NBC News’s Chuck Todd is correct when he says the Democratic Party’s efforts to flip two Senate seats in Georgia are going remarkably well.
The part that Todd neglects to mention is that these efforts have been aided in large part by the press, including their collective effort to ignore a scandal involving Democratic Georgia Senate candidate Rev. Raphael Warnock, whose ex-wife, Ouleye Ndoye, is on tape alleging assault by her former spouse.
“The Republicans have the home field, and the Republicans should win this,” Todd said in his analysis of the Georgia runoff elections. “President Trump is the divider in chief here of his own party. On one hand, he’s calling these runoffs illegitimate. On the other hand, he says vote in an illegitimate election.”
He added, “The bottom line is this, Democrats have caught every break they needed here. Whether it’s the mishandling of the coronavirus relief by Mitch McConnell, whether it’s President Trump dividing the party, you name it, right? If you were to script how Democrats win both of these races, every single thing that the Republicans have done in this campaign, you would have asked for.”
It helps also that there has been a media blackout of the Warnock spousal abuse allegations.
Ndoye told Atlanta law enforcement officials in March that Warnock had run over her foot during a domestic dispute, according to a police report obtained by the Washington Examiner.
“All he cares about right now is his reputation” because of his Senate campaign, a tearful Ndoye says in footage recorded by a police body camera.
“I’ve tried to keep the way that he acts under wraps for a long time, and today, he crossed the line,” she added, tearing up. “So that is what is going on here. And he’s a great actor. He is phenomenal at putting on a really good show.”

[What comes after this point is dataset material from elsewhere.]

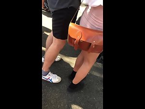 She got sexy legs and a hot ass in that miniskirt so it isn't a surprise that her boyfriend can't keep his hands off her. Voyeur is checking her out and you'll notice that her boyfriend keeps rubbing, touching and doing circles all over her ass cheeks.

The two were going through divorce negotiations at the time.
You would think that a story involving allegations of spousal abuse by a Senate candidate would be a top-tier nightly news story, especially from the same newsrooms that chased after every allegation of wrongdoing leveled against Supreme Court Justice Brett Kavanaugh during his Senate confirmation hearings. You would think that the newsrooms that won Pulitzers for their #MeToo coverage would be all over Ndoye’s on-camera remarks about the Georgia Senate candidate.
But you would be wrong.
Neither NBC, nor CBS, nor ABC has reported on her allegations. Neither has the Washington Post, the New York Times, CNN, MSNBC, or even the New Yorker. Each of these newsrooms, by the way, dedicated nonstop, wall-to-wall coverage to basically every allegation of sexual misconduct brought against Kavanaugh, regardless of how flimsy or absurd.
NBC News specifically published an exclusive report in 2018 detailing an anonymously written letter that alleged, with zero corroboration, that Kavanaugh was observed by an anonymous woman in 1998 to have pushed another anonymous woman. The NBC report bears four bylines.
Yet the same news outlet that deemed that “scoop” worthy of publication can’t find it to publish even a word on Ndoye’s allegations.
The New York Times, which won awards for its #MeToo reporting, published a glowing profile of Warnock on Saturday that mentions Ndoye by name — but only in the context of recounting her engagement to the Senate candidate. There is a nine-word sentence later in the story that mentions the couple filed for divorce in May 2019. That’s it.
Funny how priorities change.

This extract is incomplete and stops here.